_Assignment_: In the records below, the lines between the one holding "Cette conférence de" and the one holding "Kelb Köpek Kafası", inclusive, are to be transcribed exactly; no pictures are to be included.

Data for this exercise: Begin

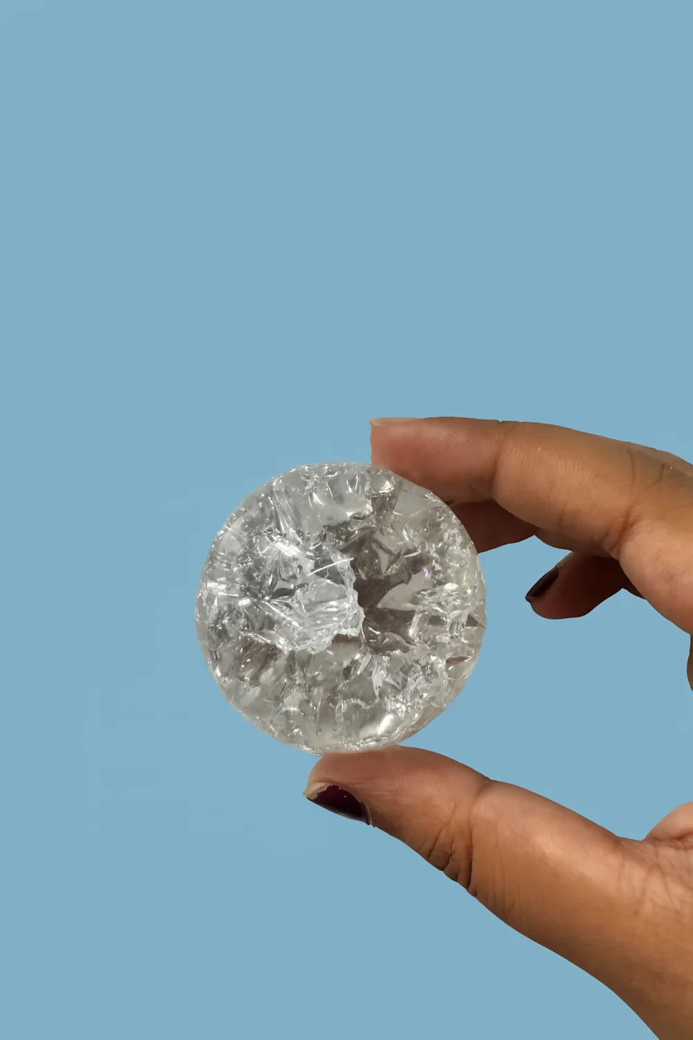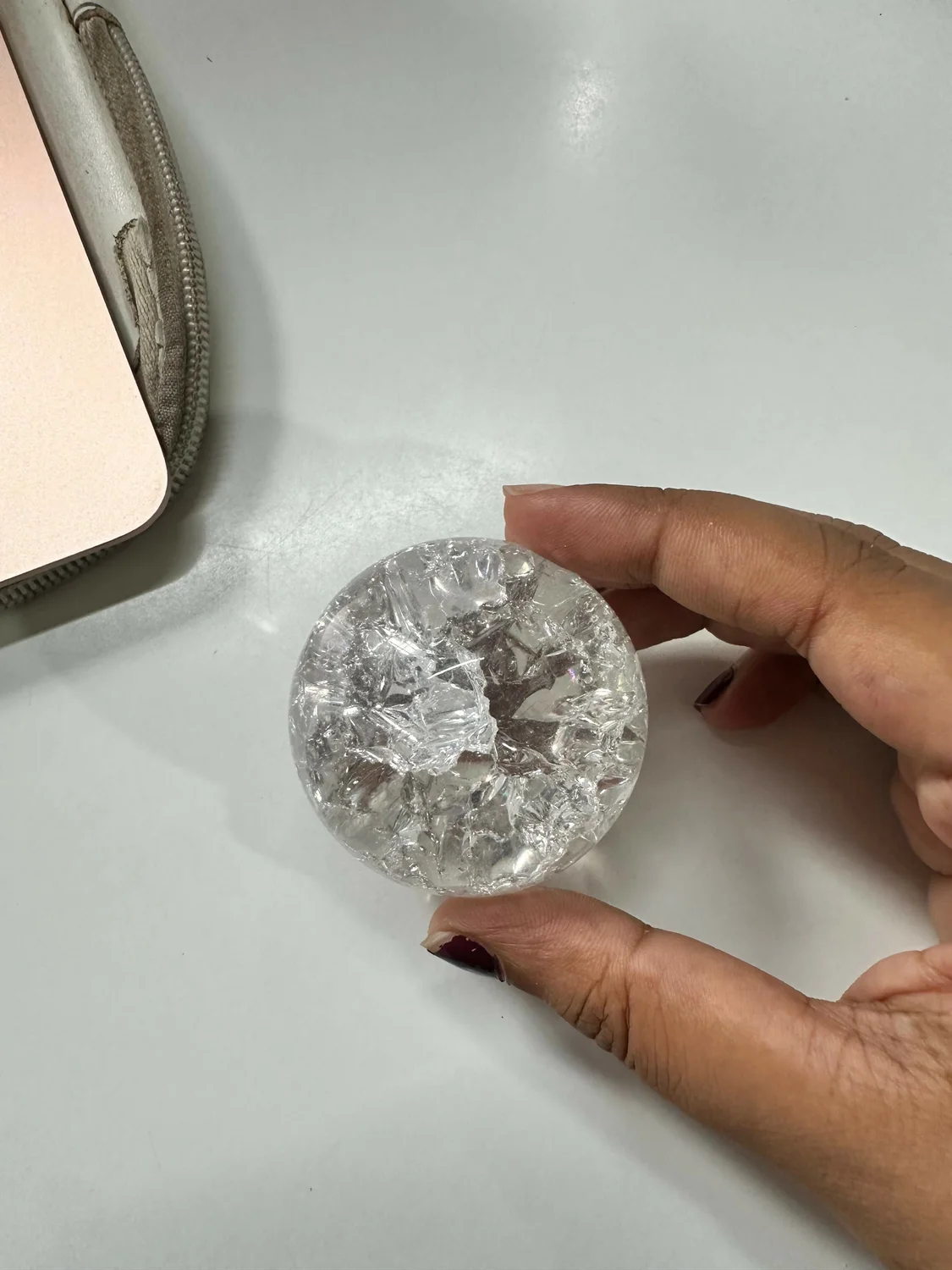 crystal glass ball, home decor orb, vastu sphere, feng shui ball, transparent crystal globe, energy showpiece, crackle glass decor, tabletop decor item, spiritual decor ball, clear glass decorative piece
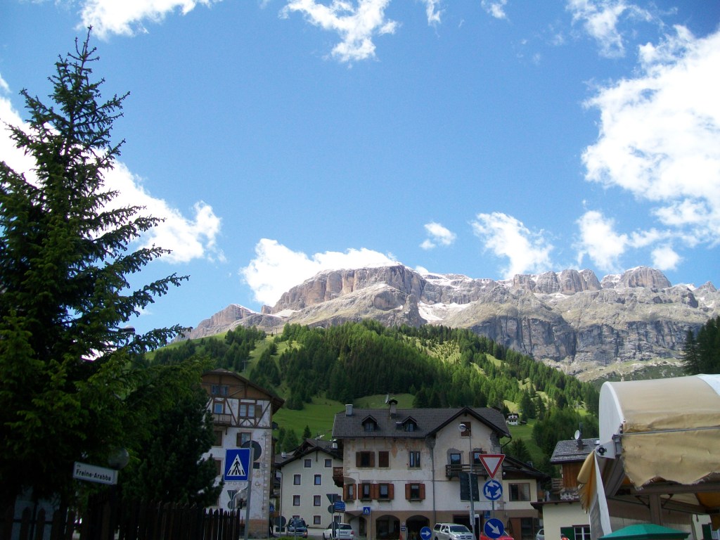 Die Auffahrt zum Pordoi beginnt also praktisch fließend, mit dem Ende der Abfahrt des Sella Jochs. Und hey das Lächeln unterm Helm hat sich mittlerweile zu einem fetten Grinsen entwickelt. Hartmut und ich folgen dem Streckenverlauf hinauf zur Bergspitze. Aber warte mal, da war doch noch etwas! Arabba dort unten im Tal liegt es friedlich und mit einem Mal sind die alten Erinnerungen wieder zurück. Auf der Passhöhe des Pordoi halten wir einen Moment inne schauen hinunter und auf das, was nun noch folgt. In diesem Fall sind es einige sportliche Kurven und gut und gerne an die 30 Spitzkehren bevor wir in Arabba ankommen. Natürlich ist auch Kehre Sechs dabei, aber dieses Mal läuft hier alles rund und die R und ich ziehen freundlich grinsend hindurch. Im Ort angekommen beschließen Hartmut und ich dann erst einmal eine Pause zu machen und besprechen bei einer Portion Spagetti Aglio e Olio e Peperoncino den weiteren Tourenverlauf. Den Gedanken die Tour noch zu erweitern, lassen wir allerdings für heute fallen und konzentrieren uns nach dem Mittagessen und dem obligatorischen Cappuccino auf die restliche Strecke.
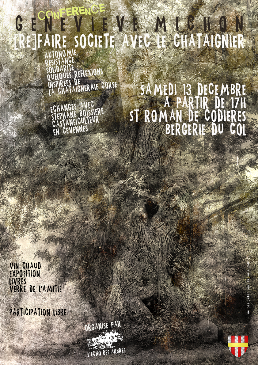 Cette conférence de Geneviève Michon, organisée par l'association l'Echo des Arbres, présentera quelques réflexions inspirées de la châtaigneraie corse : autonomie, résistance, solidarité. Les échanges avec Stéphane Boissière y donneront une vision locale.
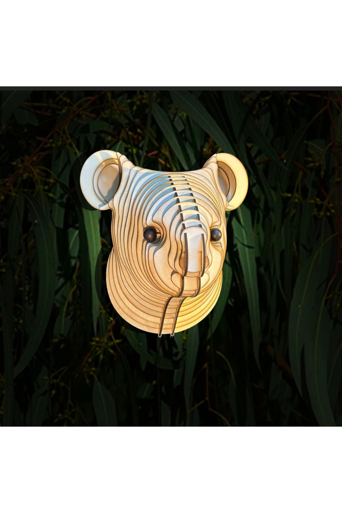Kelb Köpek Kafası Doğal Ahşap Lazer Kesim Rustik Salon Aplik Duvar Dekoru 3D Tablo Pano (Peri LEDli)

Data for this exercise: End
Data for this exercise: Begin

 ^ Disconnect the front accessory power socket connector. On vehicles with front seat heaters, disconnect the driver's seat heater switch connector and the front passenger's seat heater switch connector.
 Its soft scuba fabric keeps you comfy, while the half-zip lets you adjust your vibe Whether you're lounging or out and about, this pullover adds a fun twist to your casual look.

Data for this exercise: End
Data for this exercise: Begin

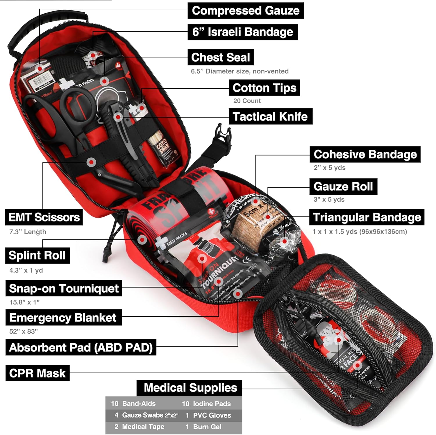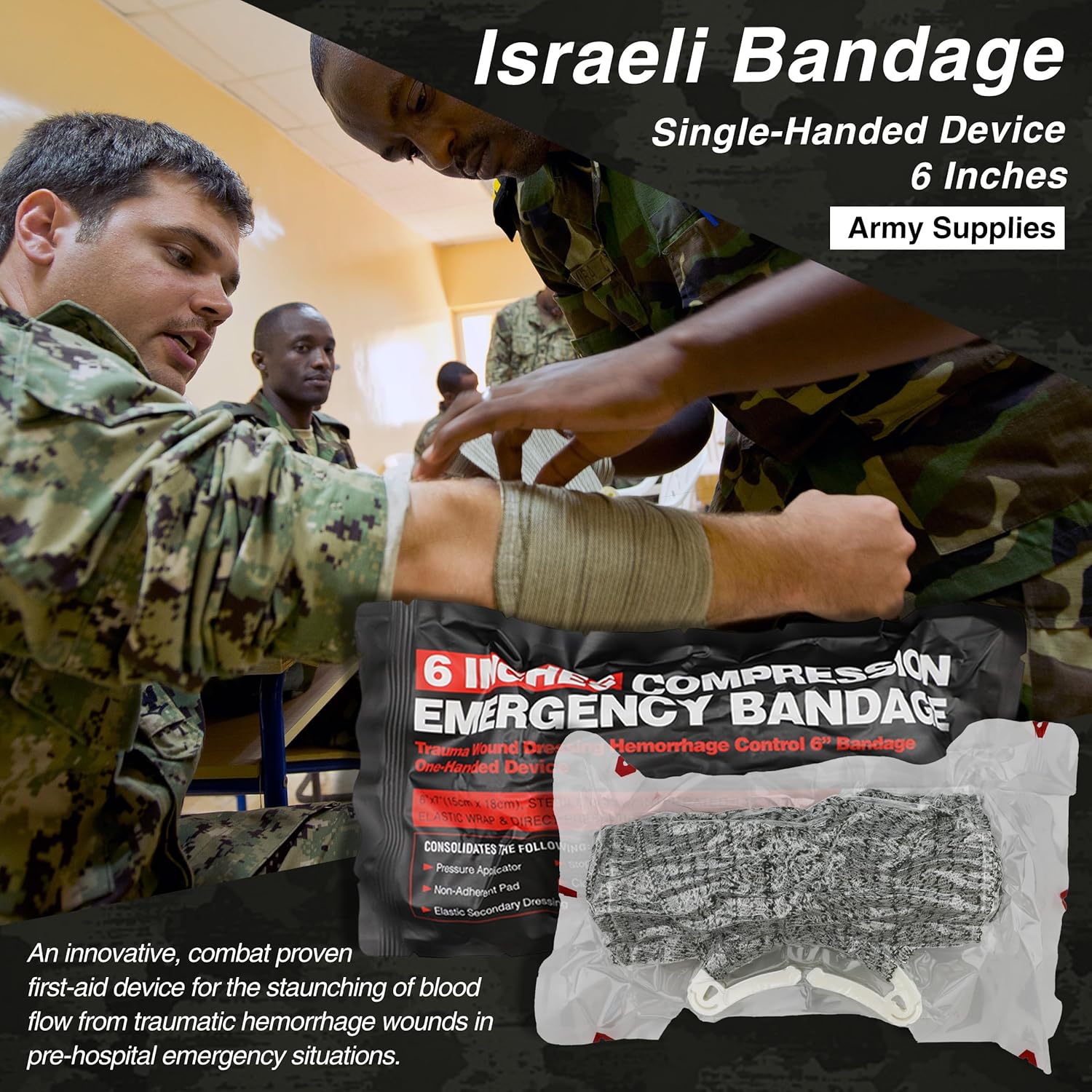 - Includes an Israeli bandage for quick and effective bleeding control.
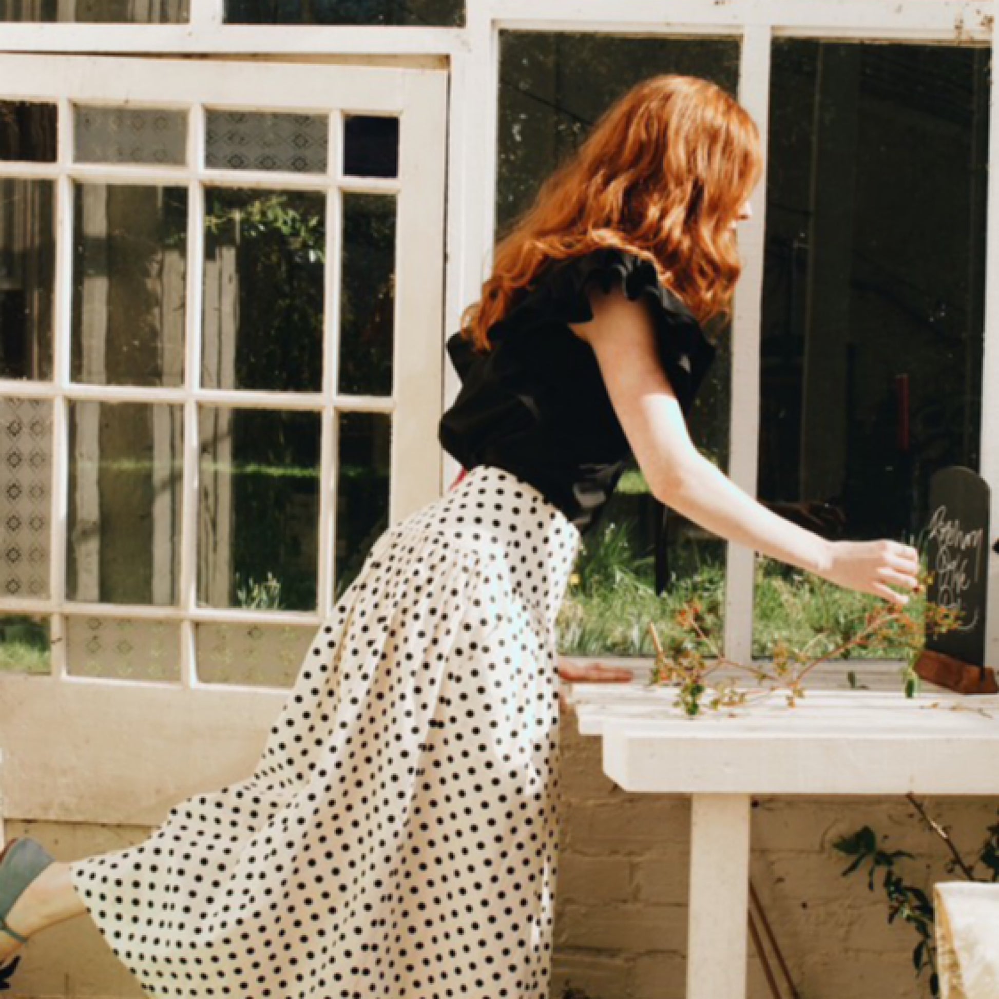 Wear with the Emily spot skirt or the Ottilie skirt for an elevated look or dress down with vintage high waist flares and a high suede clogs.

Data for this exercise: End

_Result_:
 Cette conférence de Geneviève Michon, organisée par l'association l'Echo des Arbres, présentera quelques réflexions inspirées de la châtaigneraie corse : autonomie, résistance, solidarité. Les échanges avec Stéphane Boissière y donneront une vision locale.
Kelb Köpek Kafası Doğal Ahşap Lazer Kesim Rustik Salon Aplik Duvar Dekoru 3D Tablo Pano (Peri LEDli)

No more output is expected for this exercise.